Именно так. Струи пламени бились вокруг и все, что он видел, казалось застланным алыми лентами стеклянистого пластика. Его случайная соложница метнулась к окну и настежь его распахнула. Так, а это кто же такая? Она из прошлого – уличная девица, которую он подцепил в первую поездку за границу, лет двадцать назад, бедная девушка смешанного происхождения, хотя на самом деле американка и очень милая, ее звали Юлия Ромео, эта фамилия на староитальянском означает "паломник", но ведь и каждый из нас – паломник, как каждый сон – лишь анаграмма дневной реальности. Он бросился к ней, чтобы не дать ей выпрыгнуть. Окно было большое, низкое, с широким подоконником, мягким, обтянутым тканью, по обычаю этой пламенной и льдистой страны. Какие ледники, какие зори! Светозарное тело Юлии или Джулии покрывала допплеровская сорочка, она простерлась на подоконнике, еще касаясь раскинутыми руками оконных боков. Он перегнулся через нее и заглянул вниз, там, далеко, в бездне двора или сада шевелилось такое же пламя, вроде язычков красной бумаги, которые спрятанный вентилятор побуждает биться вокруг поддельных святочных поленьев в праздничных витринах заметенного снегом детства. Выпрыгивать как и пытаться спуститься по бахромчатой ткани, покрывающей подоконник (в зеркальце за спиною у сна длинношеяя девушка-продавщица с чем-то средневековым, пожалуй, фламандским в лице предъявила образец бахромы) показалось ему безумием, и бедный Хью старался, как мог, удержать Джульетту. Пытаясь понадежней ее ухватить, он вцепился ей сзади в шею, прямоугольные ногти больших пальцев ушли под залитый лиловым светом затылок, другие восемь стиснули горло. На экране образовательного синема за двором или улицей появилась терзаемая трахея, но в остальном все стало удобным и безопасным: он крепко удерживал Джулию и спас бы ее от верной погибели, если б в самоубийственных попытках убежать от огня она не соскользнула неведомо как с подоконника и не увлекла его за собой в пустоту. Какое падение! Какая глупая Джулия! Какая удача, что мистер Ромео еще держал и скручивал и сокрушал округлый хрящик, который просвечивали рентгеном пожарники и горные гиды, собравшиеся на улице. О, как они летели! Супермен, уносящий в объятьях младую душу!

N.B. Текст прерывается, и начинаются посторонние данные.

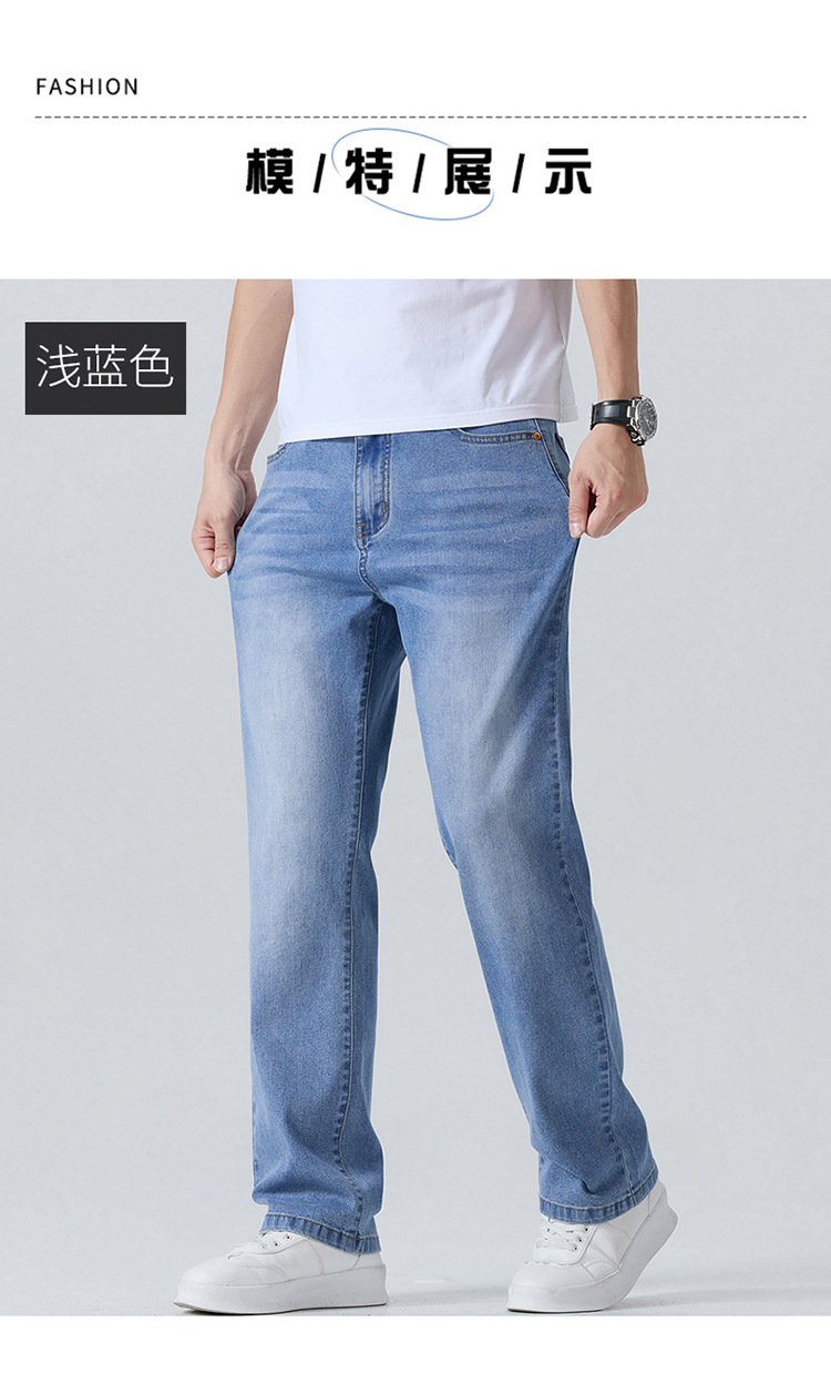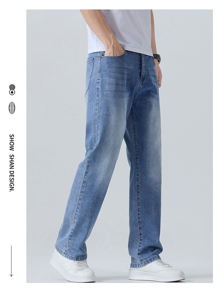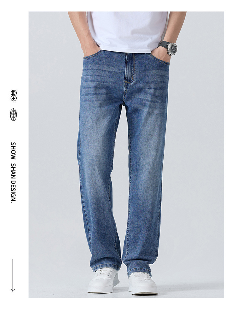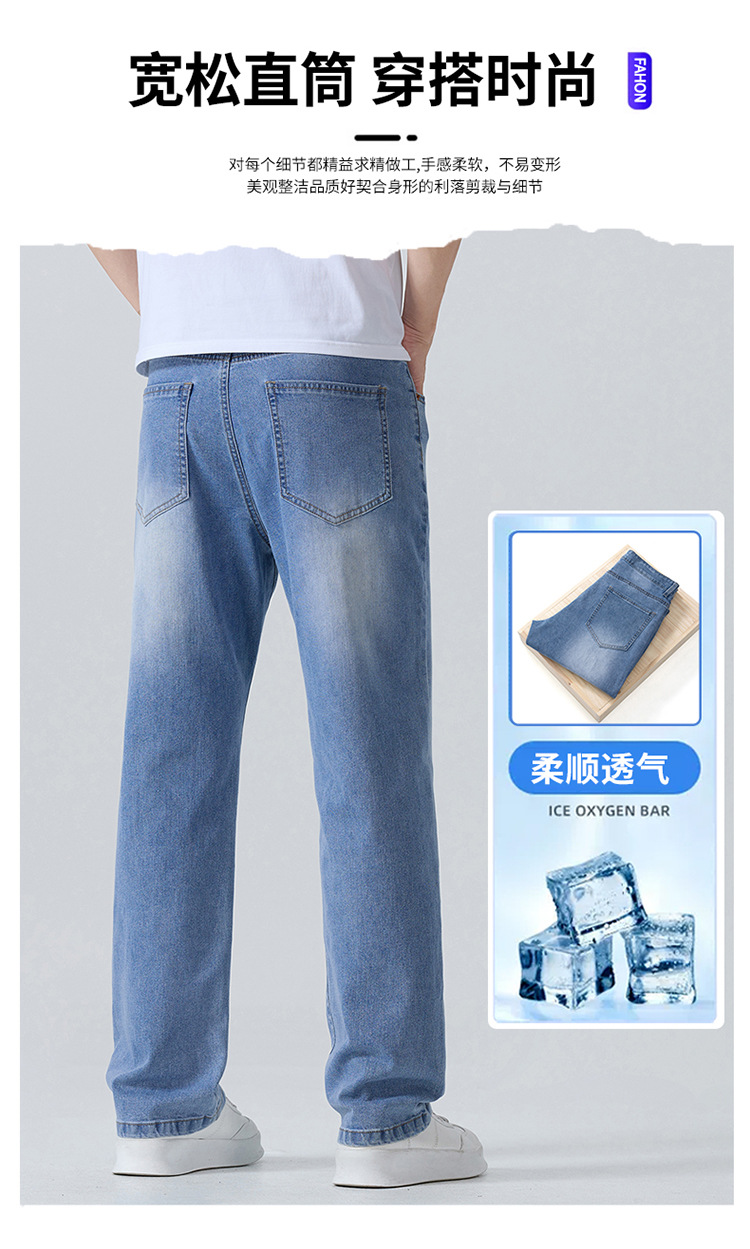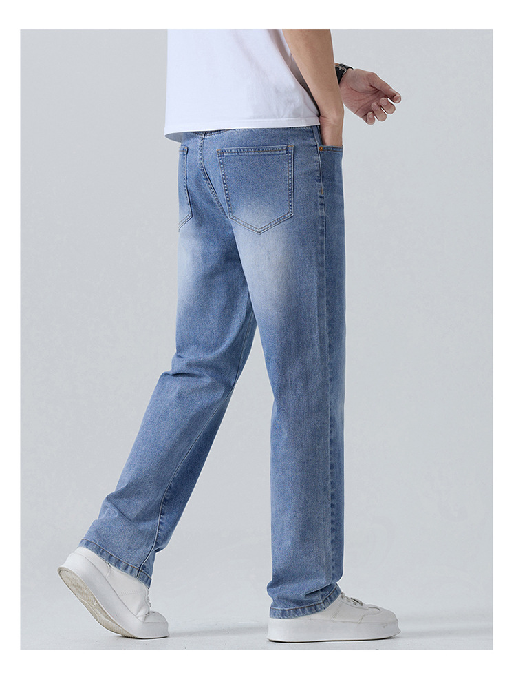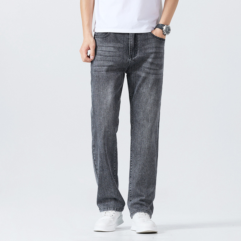남성용 여름 신상 스타일 쿨하고 멋진 워싱 와이드 청바지, 심플하고 패셔너블하며 루즈하고 슬림하며 캐주얼한 스트레이트 팬츠스토어 가기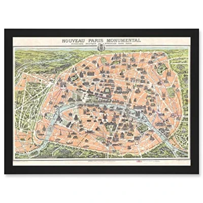 Artery8 Antique Garnier Paris Tourist City Map Plan A4 Artwork Framed Wall Art Print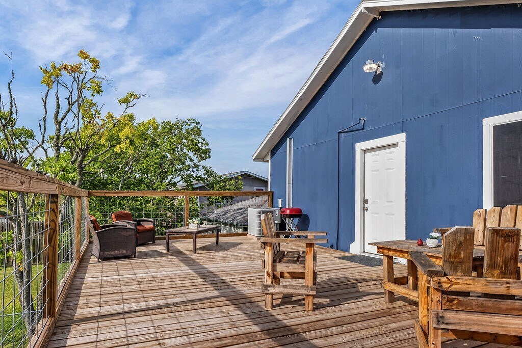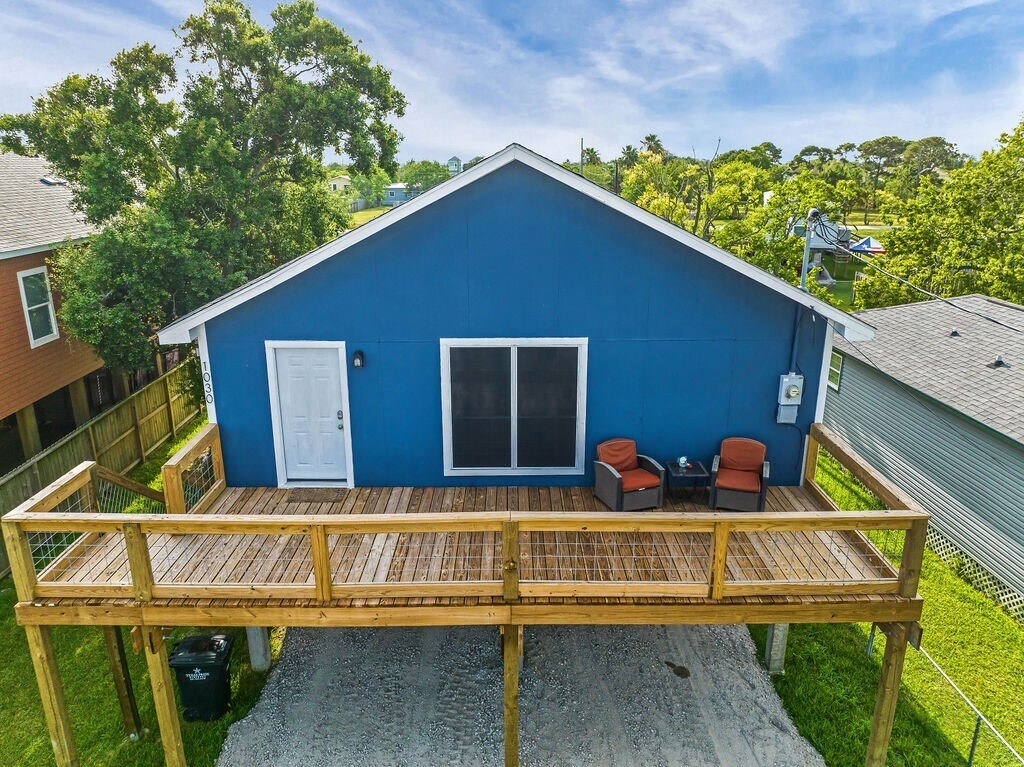This is a raised beach house style 2 bedroom 1 bath home with large deck/patio front and back as well as a wide driveway and plenty of parking under the house. Plenty of room for a boat or golf cart. MLS# 60671084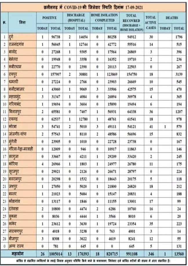 छत्तीसगढ़ में आज 26 नए कोरोना मरीज मिले और एक की हुई मौत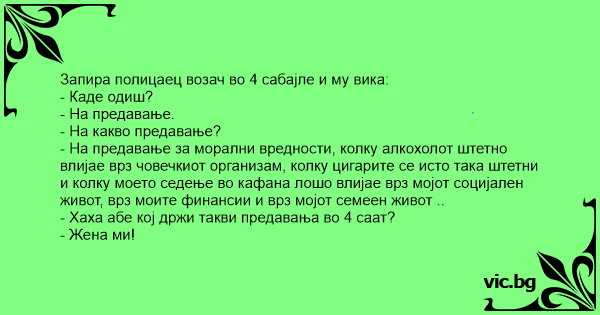 Полицаец застанува пијан маж и го прашува: - Каде сте тргнале толку доцна навечер? - На предавање. - Е како да не. Кој држи предавања во ова време?! - Жена ми!!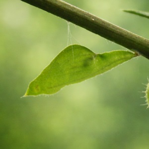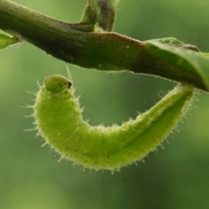 幼虫は特に細長く、食草の実とその形や色が紛らわしい。体色は緑色、長短不ぞろいの黒色毛を生じる。 | 形態はキチョウによく似ていますが、胴部の色彩は黄色身の強い緑色です。 | ホシボシ幼虫を上から見たとき に背線(消化管)がくっきりとしています。 |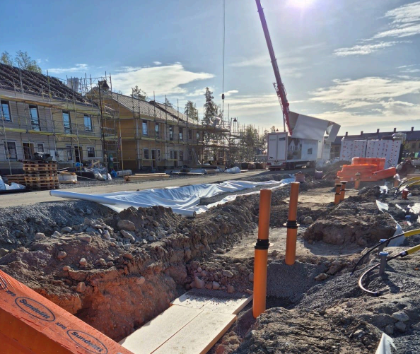 På uppdrag av Besqab utför vi Mark, VA, Grundläggnings och Finplaneringsarbeten till 25 nya radhus i Rickomberga, Uppsala.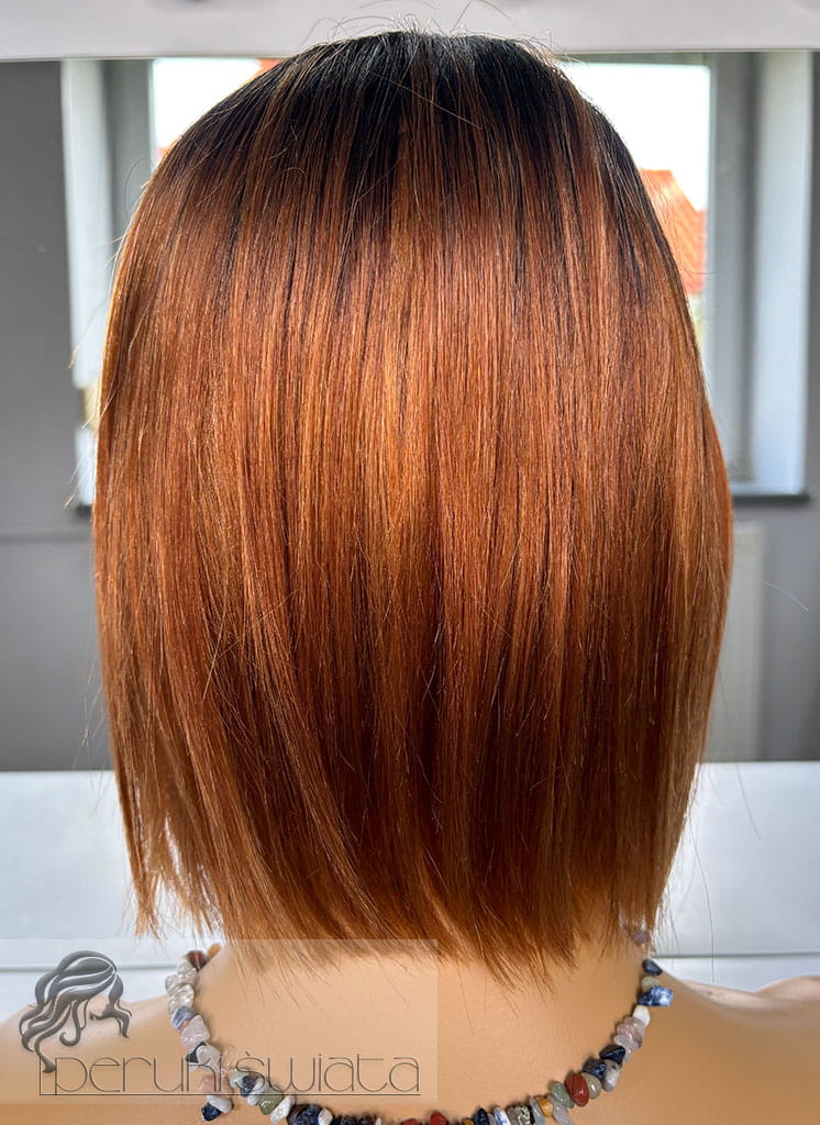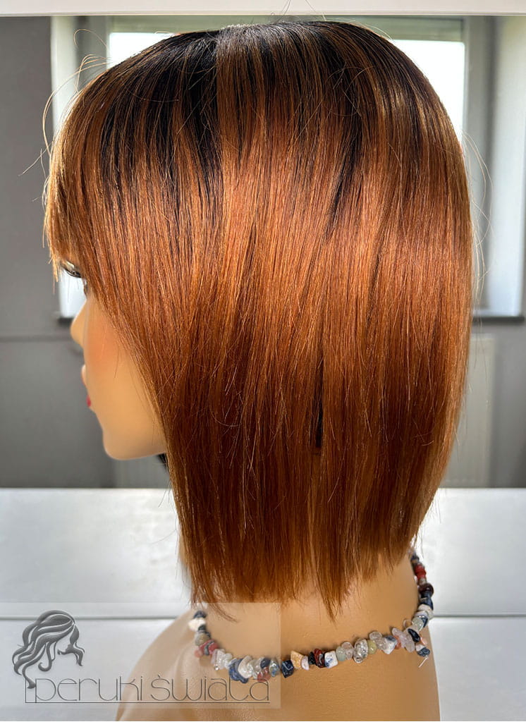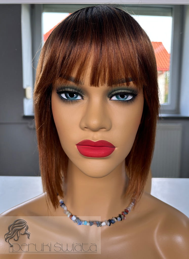Peruka Briar, bob z grzywką, włosy naturalne, kolor: rudy na odroście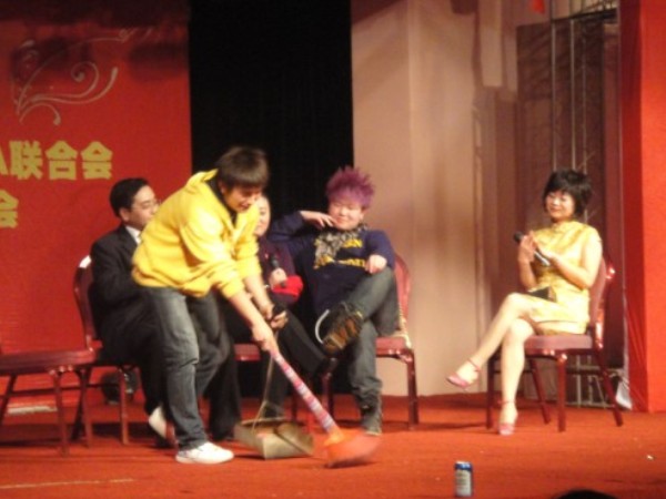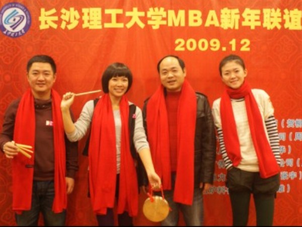 随后09春彭博凌同学献歌《当那一天来临》,09秋表演的‘洗脚城’,09春同学们带的三句半“我们的MBA”,来自兄弟院校湖南大学MBA学员刘星为大家演唱的《梅花引》,08春同学表演的小品‘这么一群人’, 08秋表王玉莹朗诵‘沁园春.雪’与时尚大杂烩个个精彩纷呈,台上台下齐欢乐!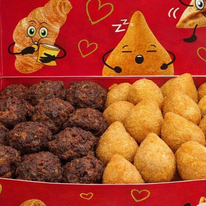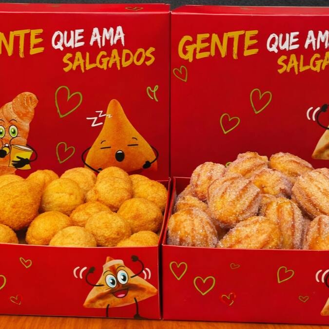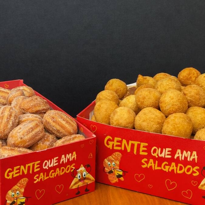 Contém 50 Salgadinhos Crocantes + 20 Mini Churros. Salgados fritos na hora em óleo de algodão e entregues quentinhos, com o padrão de qualidade Lari Salgados. Perfeitos para matar sua fome!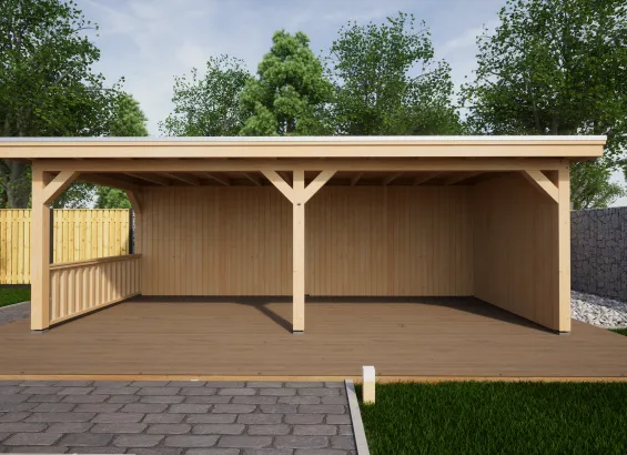 – Plat dak met dakoverstek aan 3 zijdes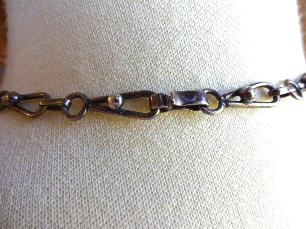 Here we have a sweet handmade pendant composed of a vintage black pierced flower button superimposed on a vintage mother of pearl button. The pendant is suspended on a vintage handmade oxidized sterling silver chain in a very interesting, unusual pattern with a bead detail. If you like the pendant but don't like the chain I can switch it out with another chain. Just ask. The pendant is 1 3/8" and the chain is 17".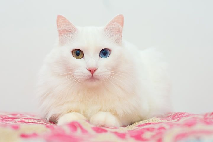 Bella ist eine türkisch Angora Katze, eine Rasse, die für ihr auffälliges, seidiges Fell und ihre elegante Erscheinung bekannt ist.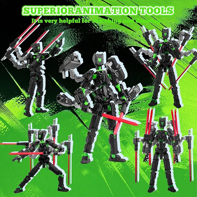 Assembly Completed T13 Action Figure,T13 mision 13 figuras originales 3D Printed Toys Nova 13 Action Figures Desktop Decorations for Game Lovers Toy (Black Green, 5.5 Inch)

Удар о землю вышел не таким жестким, как он ожидал. Это концертный вальс, а не сон пациента, Персон. Мне придется о вас доложить. Он ушиб локоть, а ее ночной столик свалился вместе с лампой, стаканом, книгой; но, благодаренье Искусству, – она была в безопасности, она была с ним, она лежала совершенно спокойно. Он нашарил и аккуратно включил упавшую лампу, не меняя ее непривычного положения. Примерно с минуту он недоумевал, что делает здесь жена, раскинувшись по полу, раскинув, словно в полете, волосы. Потом он уставился на свои застыдившиеся лапы.

21

"Милый Фил,

вне всяких сомнений, это последнее из моих писем к вам. Я ухожу от вас. Ухожу к другому Издателю, еще более великому. В его Издательском Доме меня будут править херувимы – или набирать с ошибками черти, в зависимости от того, к какому отделу припишут мою бедную душу. Итак, прощайте милый друг, и пусть ваш наследник спустит это письмо с торгов с наибольшей для себя выгодой.

Собственноручный характер письма объясняется моим нежеланием, чтобы его прочитал Том Там или кто-то из его удальцов-машинистов. Меня смертельно мутит в единственной отдельной палате болонской больницы, после топорной операции. Добрая молодая нянюшка, которая отнесет это письмо на почту, рассказала мне, жестикулируя, как дровосек, нечто, оплаченное мной с такой же щедростью, с какой я оплатил бы иные ее услуги, будь я еще мужчиной. В сущности, услуга смертного знания бесконечно ценнее услуг любви. Согласно моей миндалеокой шпионочке, великий хирург, да прогниет и его печень тоже, соврал, объявив мне вчера с ухмылкой скелета, что oрerazione прошла рerfecta. Что ж, она и была таковой в том же смысле, в каком Эйлер назвал ноль совершенным числом. На самом деле, они распороли меня, бросили один ошалелый взгляд на руины моей fegato, и ничего не коснувшись, заштопали заново.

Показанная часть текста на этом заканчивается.